No Accountability and the Dictatorship of the Bureaucracy

The reason why the Thruway Authority will never, ever change the toll plazas in Williamsville and Lackawanna has to do with the fact that western New York is a nonentity. No one from Albany needs to pass through here on their way to Erie, and so it doesn’t really matter all that much whether you’re sitting in unnecessary traffic at Ripley, Lackawanna, or Williamsville on the I-90.

It’s 2013 and completely unacceptable that we haven’t made use of the not-very-advanced technology that is available to permit EZ-Pass holders fly by the toll plaza at highway speeds. No EZ-Pass, you can pay cash at a booth located off the main road, like they do in Florida.

The Thruway Authority is, actually, considering changing over to an all-electronic toll collection system, but only on the busiest part of the road, between Yonkers and Harriman. In other words, on the stretch of road Assembly members and Senators living in the New York City area take to get to work in Albany.
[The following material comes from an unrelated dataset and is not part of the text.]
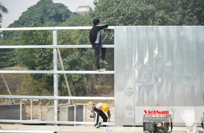 Công nhân đang thi công hàng rào an ninh
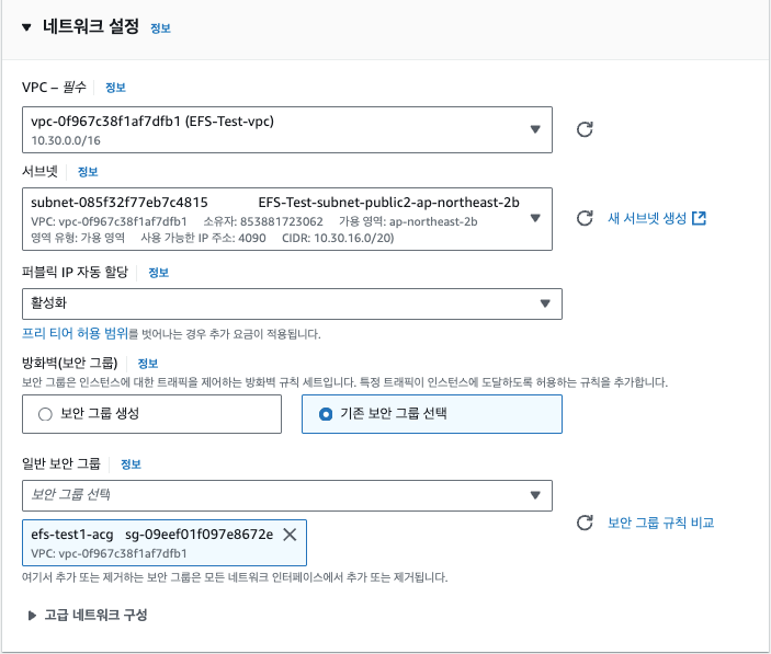 EC2 생성시 EFS 연결

A report in the Clarence Bee (paywall) reveals that a meeting was held last week with local elected officials whereby the Thruway Authority made all the arguments for moving the Williamsville Plaza back east, past the Transit exit, relieving some of the traffic congestion on Main Street in Williamsville and other surface roads. But they refuse to do it.
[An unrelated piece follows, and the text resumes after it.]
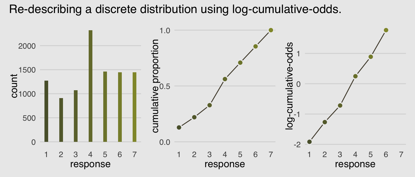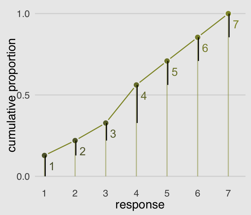 “This chapter introduced several new types of regression, all of which are generalizations of generalized linear models (GLMs)” (p. 397). This chapter has been a ride. If you’d like more practice with the negative-binomial model and some of the others models for categorical data we covered in this chapter and in Chapter 11, Alan Agresti covered them extensively in his (2015) text, Foundations of linear and generalized linear models. For more on different kinds of zero-inflated count models, check out Atkins et al. (2013), A tutorial on count regression and zero-altered count models for longitudinal substance use data. If you’d like to learn more about using cumulative probabilities to model ordinal data in brms, check out Bürkner and Vuorre’s (2019) Ordinal regression models in psychology: A tutorial and its repository on the Open Science Framework (https://osf.io/cu8jv/). Also check out Chapter 23 of my (2023a) ebook Doing Bayesian Data Analysis in brms and the tidyverse were we model ordinal data with a series of cumulative probit models.

The Thruway had originally slated $14 million to reconfigure and/or move the tolls, but now they’ve only got $6.5 million on the table. They acknowledged that there was not a lot of space available to reconfigure Williamsville the right way, but they were going to try anyway; they were going to go into it half-assed.

While officials from Williamsville, Lancaster, and Clarence pleaded with the Thruway to consider moving the plaza back to Pembroke, the Thruway Authority simply isn’t going to do it, and is talking about using electronic toll taking in a location that is already a bottleneck.

The Thruway Authority, of course, answers to nobody. If you complain, they don’t lose their contract or franchise to run the road. They run independently from the executive or legislative branches, which answer to the public through periodic elections. It has its own bureaucracy and budget, operating as a quasi-independent state-sanctioned entity, and if you don’t like queueing up at a too-small toll plaza using antiquated technology, well you can just go to hell and sit and like it.

Thruway employees get free EZ-Pass, so they don’t care. The Governor jets in and out of here, so he doesn’t care. Our local Assembly members and Senators are the ones who should be making the most noise about Thruway dysfunction, since they have to use the road to get to work, but instead we have Brian Higgins – a federal representative – calling for at least a toll-free stretch between Transit and Williamsville.

There is no accountability, so there is no motivation or impetus to improve service to Thruway consumers. It is more evidence of the dictatorship of the bureaucracy under which we live in New York.